Tuesday, February 13, 2018

Friendly Local Game Store



Almost a year ago to the day, I announced my intention to write a book. It was naive in its early concept, but we eventually got it done. Today it went live for pre-order. You can order it now for delivery in March (or pick up at the GAMA Trade Show). Electronic only versions, Amazon editions and game trade options will arrive later in May, but if you want a physical copy, it's hard to beat the pre-order deal with free digital content.

When I wrote that post a year ago, I expected the book to be a collection of blog posts interspersed with personal narrative. It turned out to be a whole lot more. Blog posts make terrible book chapters, it turned out. I didn't know exactly how terrible they were until I saw them in a Word document, puny and insubstantial. A blog post is supposed to be pithy and to the point, with a lot of assumed knowledge and at best a nugget of a concept. When I tried to turn those posts into chapters, it wasn't just about expanding a post, it was a full re-write. 

Chapters need themes with supporting concepts hanging off them. They can't assume the reader is "in the know." I can't put "Tradecraft" at the beginning of a chapter and pretend everyone knows what I'm talking about. Having an editor who wasn't a retailer also meant I couldn't get away with anything. All my concepts needed to be explained and the math crunched. That turned out to be a very good thing. The book shines because of my editor and is polished to a brilliant sheen due to my industry outsider, proof readers, who took issue with my business slang and occasional mean spirited discourse.

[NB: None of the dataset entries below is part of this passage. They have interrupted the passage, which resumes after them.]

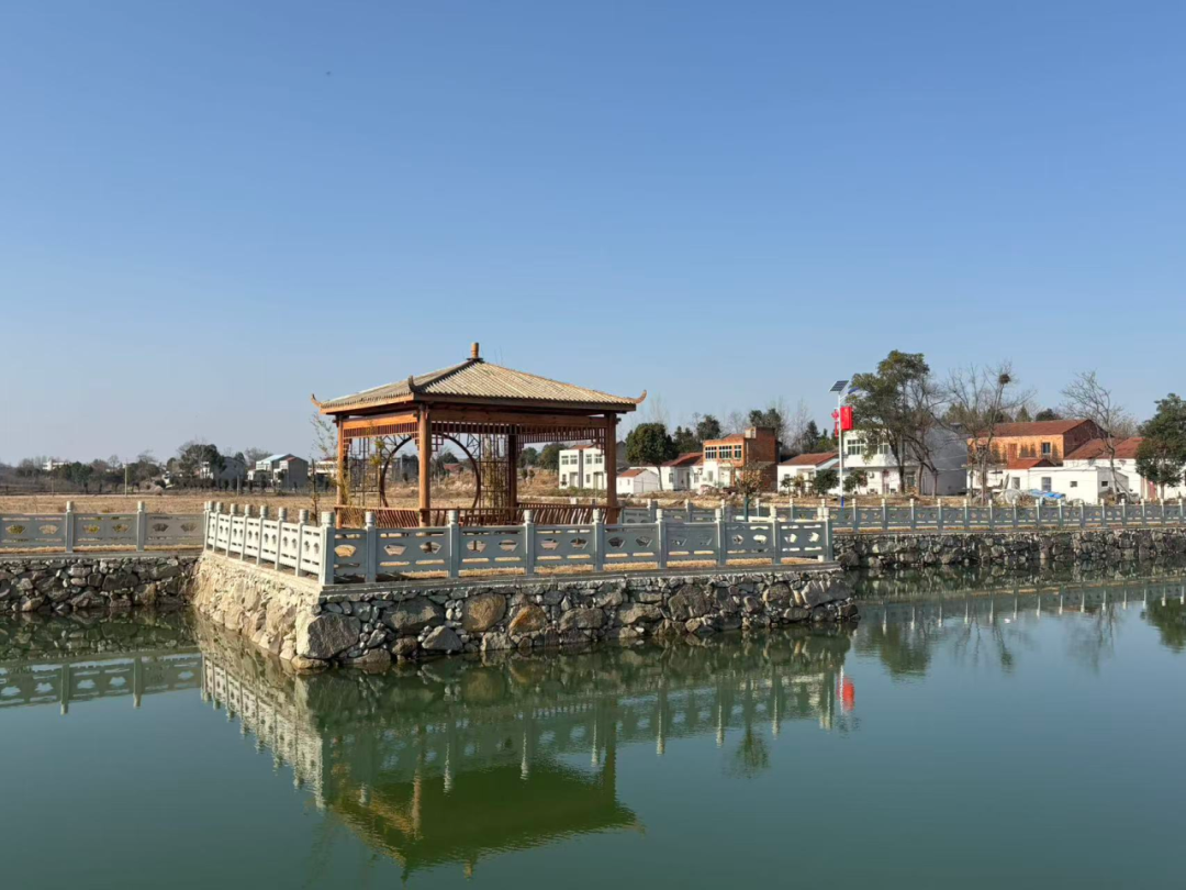 水塘边的石亭倒映在碧波里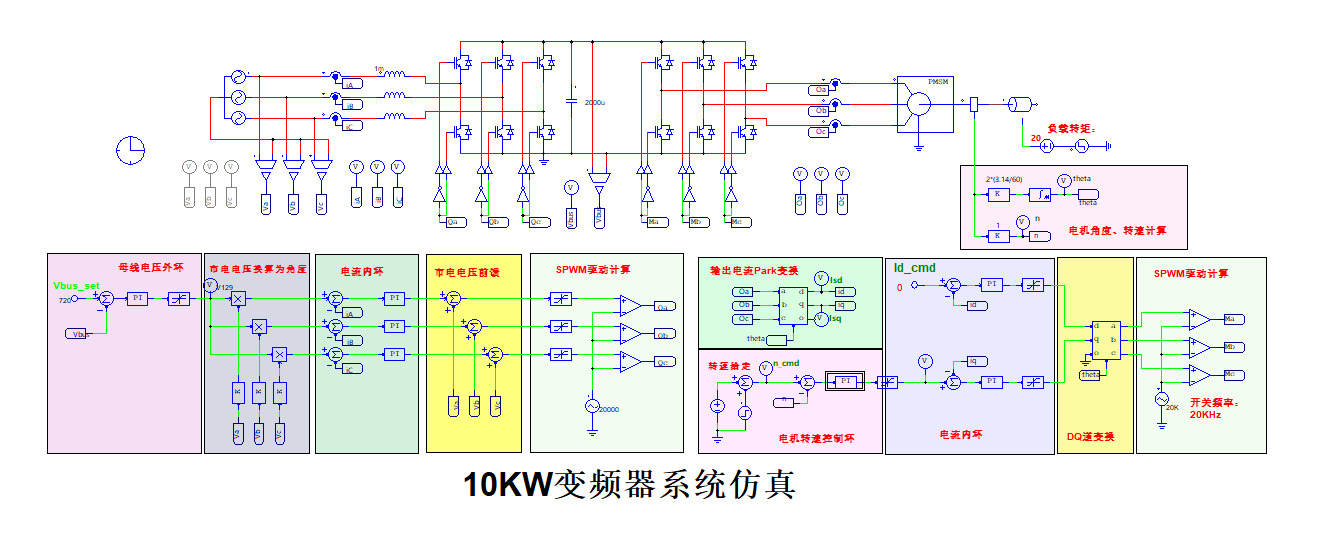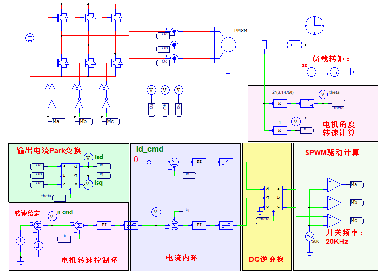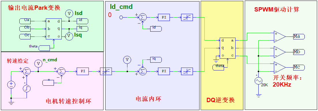 內環為電流環:快速跟蹤Id_ref(通常設為0以維持額定磁通)和Iq_ref,通過PI調節器和前饋解耦計算,輸出控制電壓,經SPWM驅動逆變器,從而精確控制電機轉速和轉矩。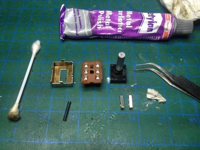 İçindeki kontakları da alkol (IPA) ve metal parlatıcı ile temizleyip parlatıyoruz.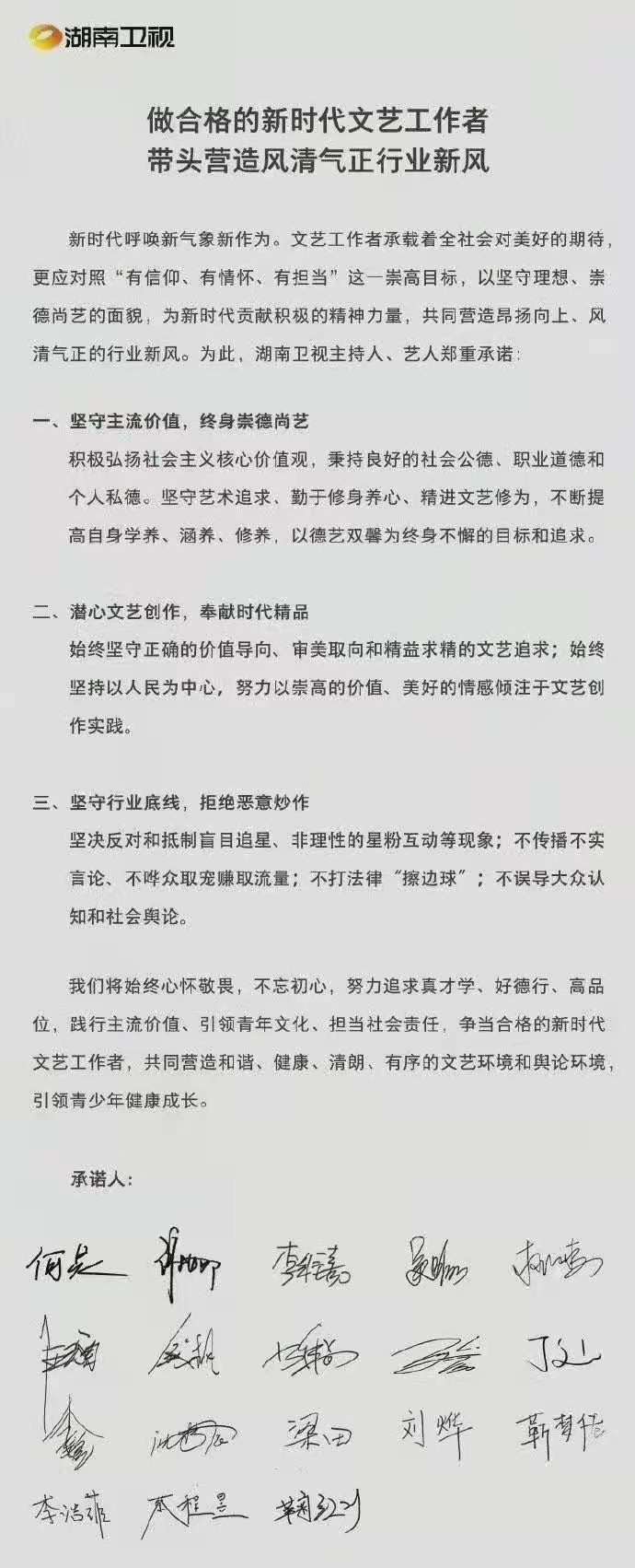对于前段时间,湖南卫视十几名主持人做出艺德承诺联合承诺一事,网友感觉非常荒唐。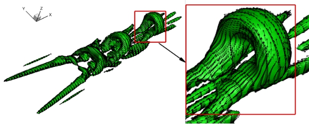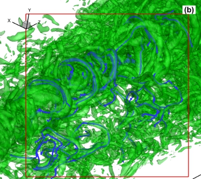 田书玲老师文章从分析流体微团转动运动出发,提出了局部流体转动轴的概念,并给出了当局部流体转轴与局部坐标轴平行时速度梯度张量所满足的条件;在确定局部流体转动轴的基础上,根据垂直于转轴平面内速度梯度张量定义了流体转动角速度大小;最后,利用转轴方向和转到角速度大小定义了一个新的矢量。文章通过不同算例对该矢量在漩涡结构识别能力上进行了考核验证,表明它不仅能够地识别出复杂涡结构,而且能精确给出涡结构矢量线(不同于用涡量定义的涡线),该方法对研究涡结构内流动参数变化规律、追踪流场中旋涡结构的生成、发展演化过程以及研究湍流生成和维持机理等具有潜在意义。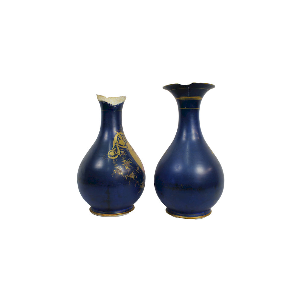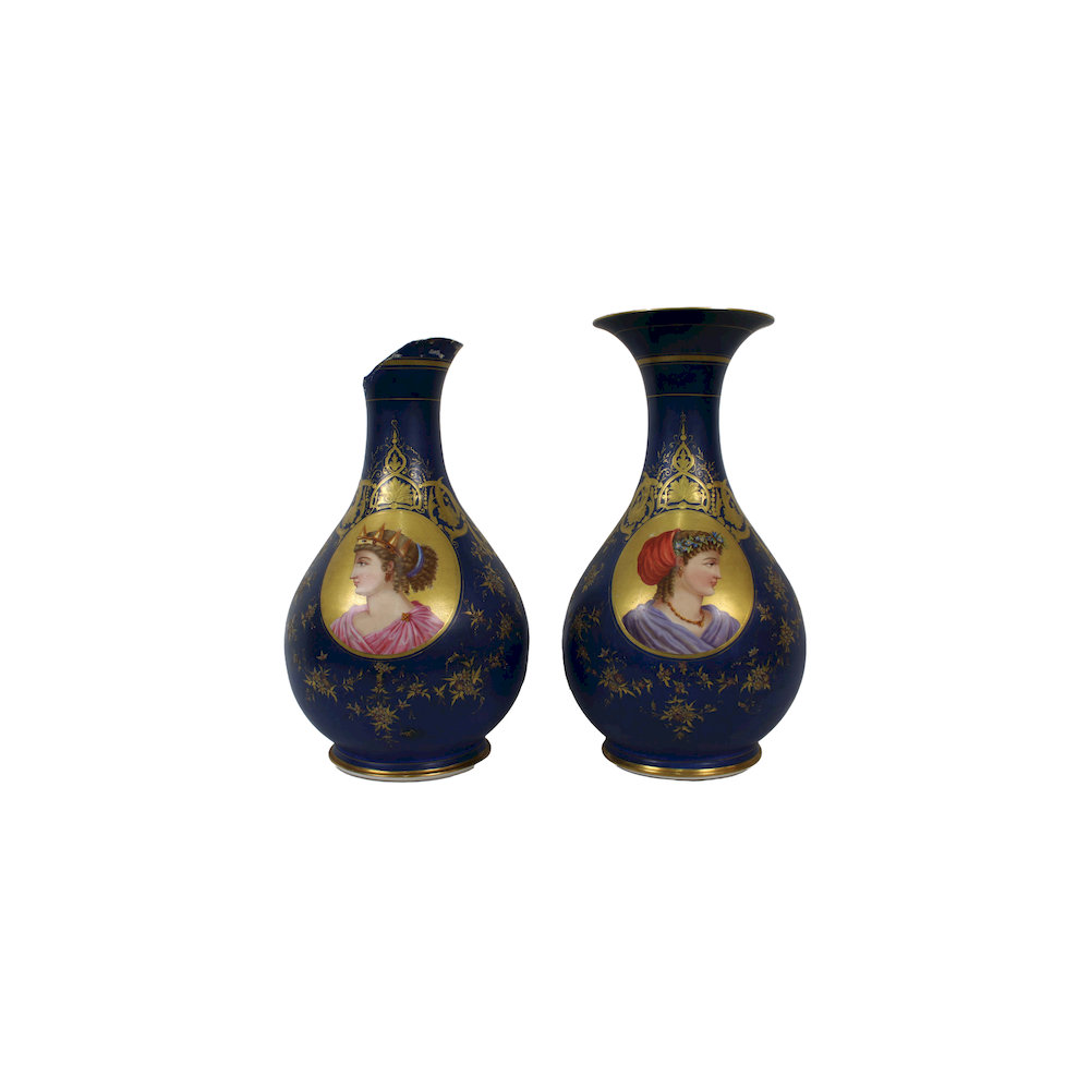 LOTTO COMPOSTO DA 2 vasi in porcellana a fondo blu cobalto dentro riserva raffigurante figure femminili e lumeggiate in oro, rotture e mancanze Francia XIX secolo h cm 43 x 26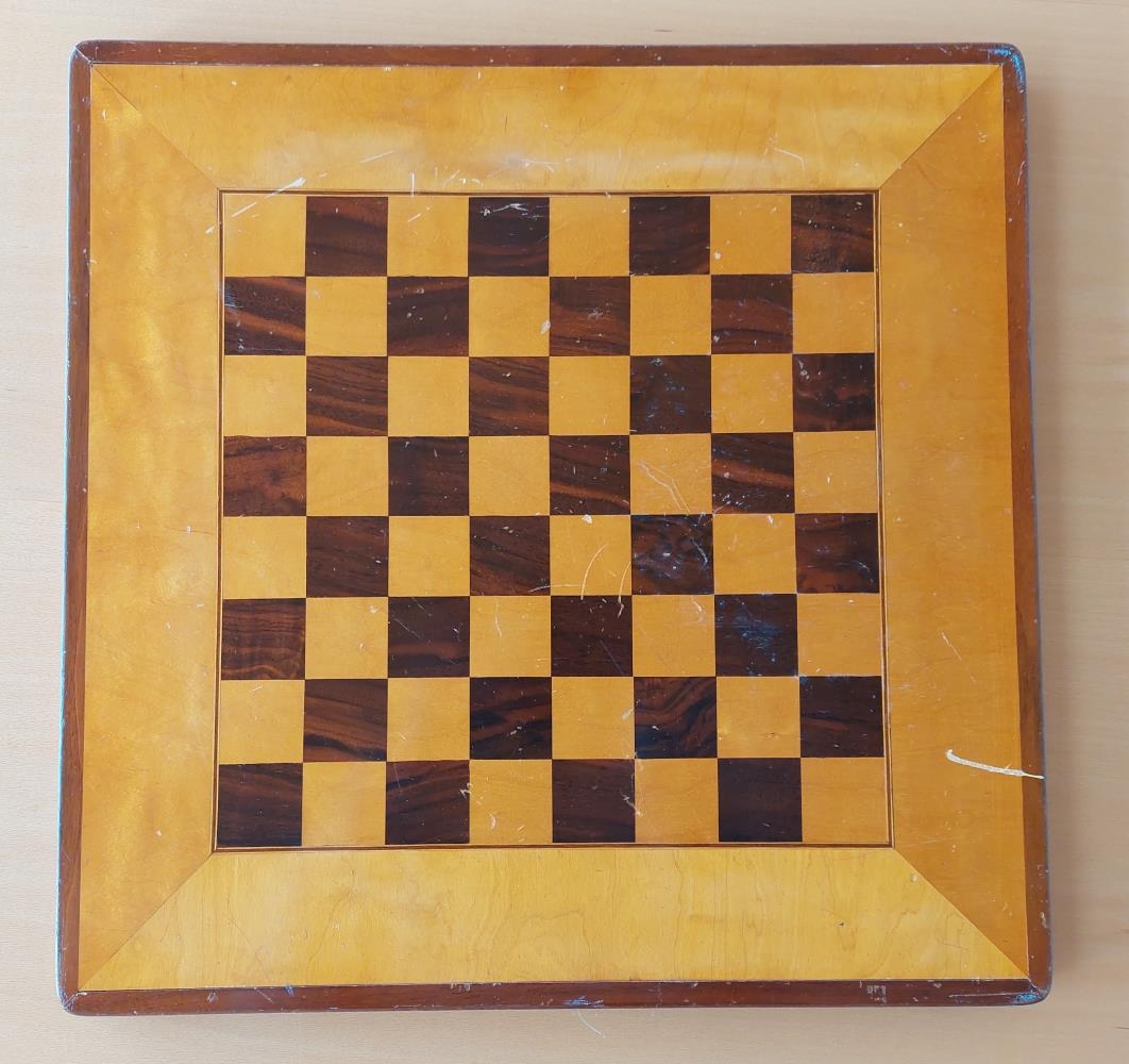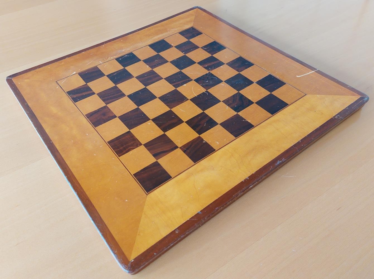 Skákborð smíðað af Ásgeiri Jónssyni á Aflstöðum í Haukadal um 1950 handa Óskari Sumarliðasyni í Grund í Búðardal við Hvammsfjörð.
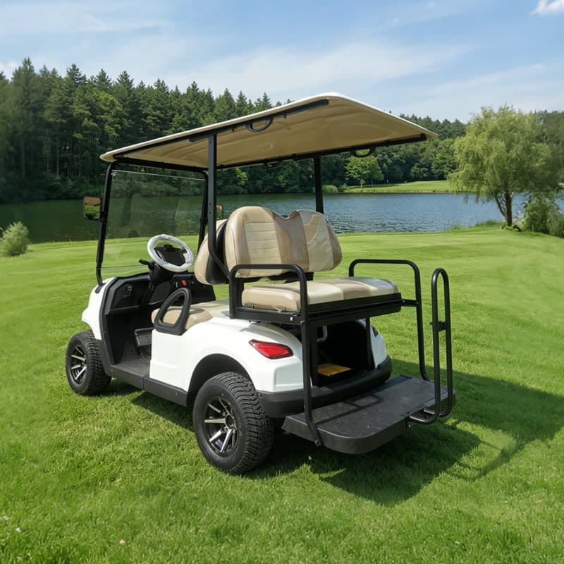 Le modèle EG202EKSZ de Mobilité Plus se distingue par sa banquette arrière réversible, qui permet de passer en quelques secondes d’une configuration 2 places avec plateau de chargement à une configuration 4 passagers. Une flexibilité unique pour les golfs, campings, parcs, résidences et tous les sites privatifs souhaitant un seul véhicule capable de s’adapter à chaque situation.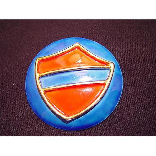 Here is a vintage lovely red, blue and gold enamel signed Original by Robert emblem brooch. It is about 2 1/4 by 2 1/4 inches in width and height. The enamel appears in excellent condition as does the brooch. It has a very strong clasp in the back, it also has a area so it could be used as a pendant on a chain. Very nice brooch.

The obvious question if you read this blog is should I buy the book? I would say the book is inspired by the blog, but it's not a collection of old stuff or even re-worked stuff. It's about 80% new content and the other 20% has been worked over to be much better than the original content. So yes, please buy the book. You won't feel cheated after being a loyal blog reader.

The book has two concepts in one. The first concept is how to build a profitable game store. There are many ways to build a game store and even several that work. Writing this book was an exercise in best practises. It's one thing for me to say what I would do in a blog, but it's quite another to distill a concept down to what I truly believe will work for my readers, folks who may have hundreds of thousands of dollars on the line. 

The premise for this build is getting the owner to a middle class income in five years. That income is roughly $55K a year, a number that might seem overly ambitious to an existing store owner, but is the median household income in this country. So some people will think I'm insane to shoot for such a high income, while professionals will laugh that I'm essentially aiming for the middle. Who invests six figures and five years of their life to aim for ... the middle??? That sums up the game trade pretty well. Working our darnedest to achieve the middle. 

The second concept of the book is a personal narrative. I wrote a book that I wanted to read, which is not a book about building a game store. As an established retailer, retailing books bore me. I read them anyway, but oh man are they tedious. So the second part of this book, interspersed with the how-to,  is my story. It's a narrative of all my mistakes and victories that roughly corresponds with the how-to chapters. Every store owner has singular reasons why they succeeded along with unique failures. It was glorious to write a chapter on how I think you should run your business and then tell stories of how I completely screwed up that area when I tried to do it. If you find my how-to stuff preachy, feel free to skip it for the much more fun narrative. 

The narrative also goes over what was happening in my life during the 14 years of owning a store. There were major illnesses that almost ended my marriage, a new child was born, and I almost lost my house, but turned that defeat into my greatest victory. My attitude had to change over this period, as there was too much on the line. I think you'll get to know me in this book, which is a little scary. 

Thanks again for reading this blog. If you look back far enough, you'll see I had no great plans for this thing. You can find my 40K army lists and photos of my Dungeons & Dragons games. You'll find grand pronouncements of how to do something then descriptions of terrible failure that contradict what I said. I've enjoyed writing it and plan to continue. I hope you enjoy the book as much as I enjoyed writing it. Please let me know what you think of it.